Ejaculatory Disorders and Erectile Dysfunction

Ejaculation is the emission of semen to the exterior, resulting from the contraction of muscles surrounding the male internal urogenital ducts. Ejaculation is a reflex mediated by the spinal cord, which coordinates autonomic and motor outflow, integrating these with the excitatory and inhibitory effects from descending cerebral pathways.
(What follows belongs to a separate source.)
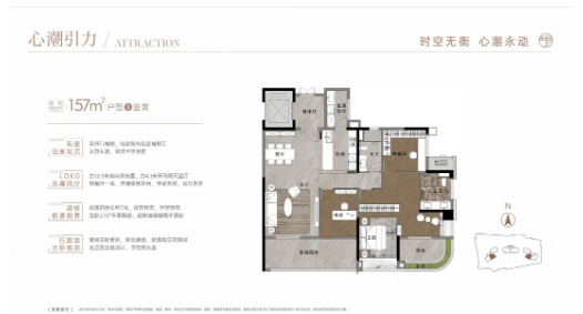 答:户型为 157-257㎡大平层,涵盖 157㎡、196㎡、203㎡、253㎡、257㎡,得房率达 100%,配备独立入户电梯厅,空间利用率高。

The normal male ejaculatory response comprises two phases: emission and expulsion, which are under autonomic and somatic control, respectively. During emission, smooth muscles of the vas deferens, the seminal vesicles and the prostate, as well as their secretions, are involved. At the end, the mixture of spermatozoa from the epididymis and the vas deferens, together with the secretions of the seminal vesicles, represents about 50% of the ejaculate; and the prostate, which secretes nearly the other half of the semen, is made available in the prostatic (posterior) urethra. Orgasm is caused when friction on the glans penis and other stimuli send signals to the brain and spinal cord.

Orgasm generally accompanies the expulsion phase, which occurs once an ejaculatory 'point of no return' has been reached. Nerves stimulate muscle contractions along the seminal vesicles, prostate, and the ducts of the epididymis and vas deferens. These contractions force semen into the urethra. Contraction of the muscles around the urethra further propels the semen through and out of the penis. The neck (base) of the bladder also constricts to keep semen from flowing backward into the bladder.

Once ejaculation takes place the arteries constrict and the veins relax, and causing the penis to become limp (detumescence). After detumescence, erection cannot be obtained for a period of time (refractory period), commonly about 20 minutes in young men.